Demographic data is useful to a wide variety of organizations, ranging from nonprofits to businesses to government. Knowing the statistical characteristics of a population is key to future planning, making public policy decisions, and for organizations to know how to best reach and serve their intended audience(s).

Through my work at Carolina Demography, I have become interested in how different industries use demographic data in their daily work. I recently had the pleasure of getting to know landscape architect Susan Hatchell through our joint presentations to the architecture students at NC State. Her focus is on public projects throughout the state, including parks, greenways, and transit. Her projects have included Bethesda Park in Durham and the grounds outside of NC State’s James B. Hunt Jr Library.

Landscape architects are concerned with the intersection of the natural and built environments. They may oversee projects such as parks, campuses, trails, or other outdoor recreation centers. Their work may be public or private and may serve a small subset of people or the larger community.

I asked Hatchell if she could share how she uses demographic data to make key decisions.

What do landscape architects need to know?

When developing the plans for a new project – say a new greenspace or park —  Hatchell and other landscape architects first use population data to demonstrate how a population will be served by the outdoor space. She begins by asking questions like:

  • Is the area growing? Can we expect the project to have a good return on investment, meaning will there be a population to sustain its use in the future?
  • What is the age breakdown of the community? Will this be a park primarily used for youth sports by younger families, or will it be a more passive park geared toward the needs and preferences of older adults?
  • Are there any hardships in the community, such as poverty, health issues, or environmental concerns like flooding or pollution? This will be useful to apply for grants in communities that may not be able to afford a new greenspace without some help.

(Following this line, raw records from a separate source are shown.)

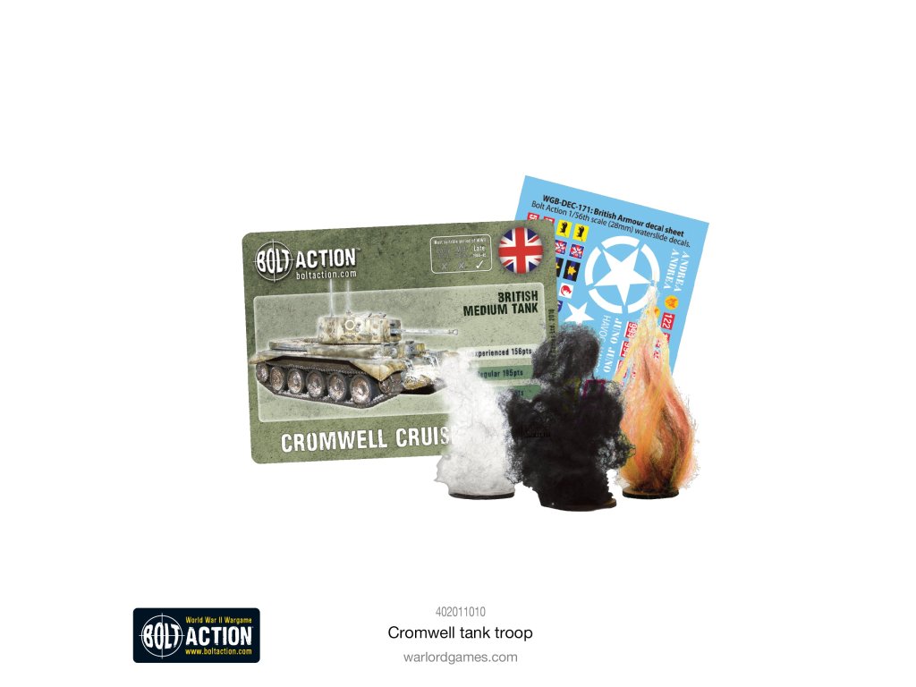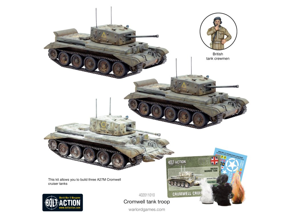 Tanková jednotka Cromwell Obsahuje 3 tanky Cromwell, značky poškození vozidel a kartu statistik Bolt Action.
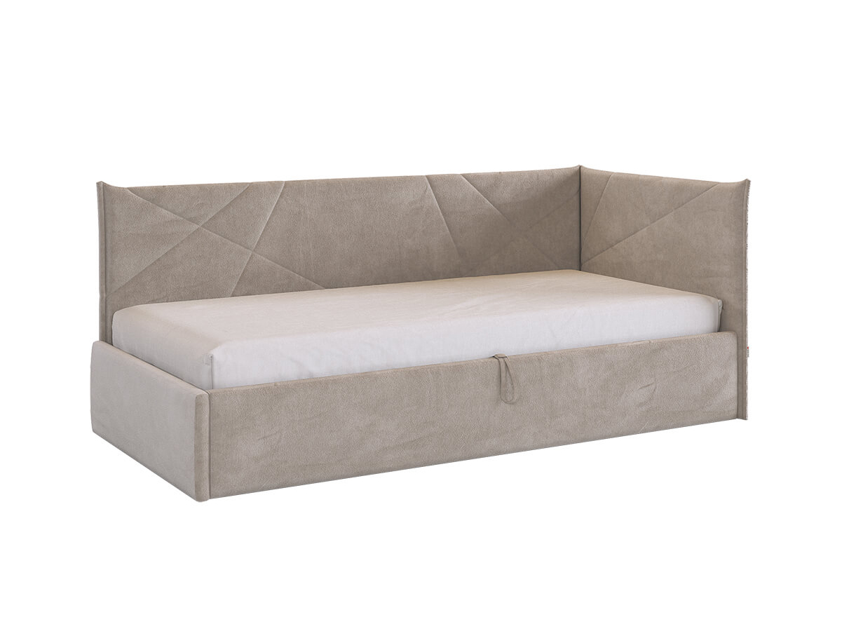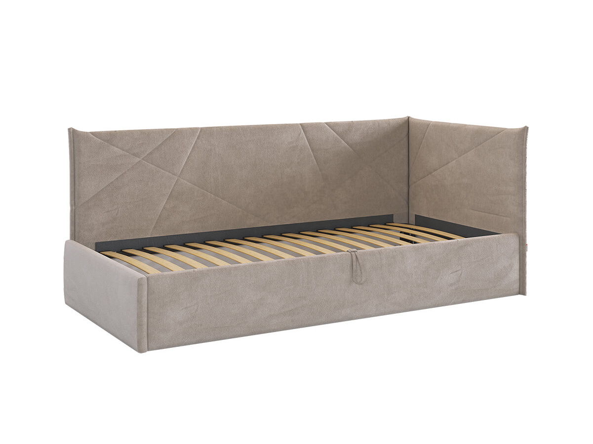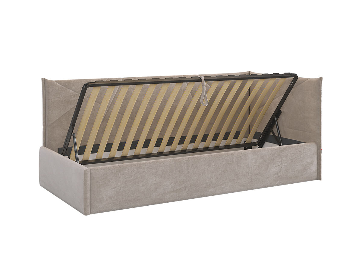 Основание подъемное входит в комплект кровати, петелька для подъема в цвет ткани на корпусе. Кровать имеет огромный ящик для хранения.
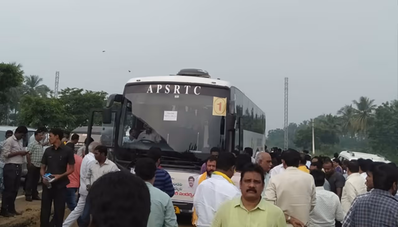 డ్రైవర్ ఎంతసేపు ప్రయత్నించినప్పటికీ బస్సు కదలకపోవడంతో 35 మంది ఎమ్మెల్యేలు, ఎమ్మెల్సీలు, ఇతర నేతలను దెందులూరు ఎమ్మెల్యే చింతమనేని ప్రభాకర్ వేరే వాహనాల్లో పోలవరానికి తరలించారు.

Hatchell uses sources including population, economic, health, and transit data to inform her work, much like Carolina Demography’s own Orange County Community Databook helps to inform stakeholders in the Chapel Hill area. She and her team may also use crowd-sourced data from bike share companies or exercise apps like Strava to better understand how the population interacts with their outdoor spaces.

Understanding the demography ensures that her projects will be the right fit for the community she is serving.

How demography will guide the future of the profession

Landscape architects – as well as other professions tasked with urban development – face new challenges in the future. The South in general and North Carolina in particular are fast-growing, due in large part to individuals relocating from the Northeast and Midwest.

As metropolitan areas continue to swell, landscape architects will need to consider how to maintain green spaces in increasingly dense urban centers. Additionally, demands are increasing for better public transit, more walkways and greenspaces, and other public works works to support active living. Of course, these may be unique for different segments of the population. For example, younger adults might want more dog parks, while active seniors may focus more on walking trails and outdoor recreation.

“When designing in the public realm, it’s essential to hear first hand from the community as to what they want and need for improvements,” says Hatchell. “Demographic data is so useful to add to their story to get the broader picture. The data also shows if there are underrepresented segments of the community who aren’t being heard.  Equity and diversity are best served when demographic data is part of the equation.”

It is a fact that the face of our population is changing, as well as our natural environment. North Carolina is becoming older, more diverse, and increasingly urban, while we face new challenges with regards to  pollution, rising temperatures in cities, and decreasing natural land area.

Demographic data may not solve these issues, but it is a tool to drive future planning and design choices. It ensures that the project will serve the community of tomorrow, with the knowledge that it will likely look different than the community today.

Thank you to Susan Hatchell for sharing your work with Carolina Demography.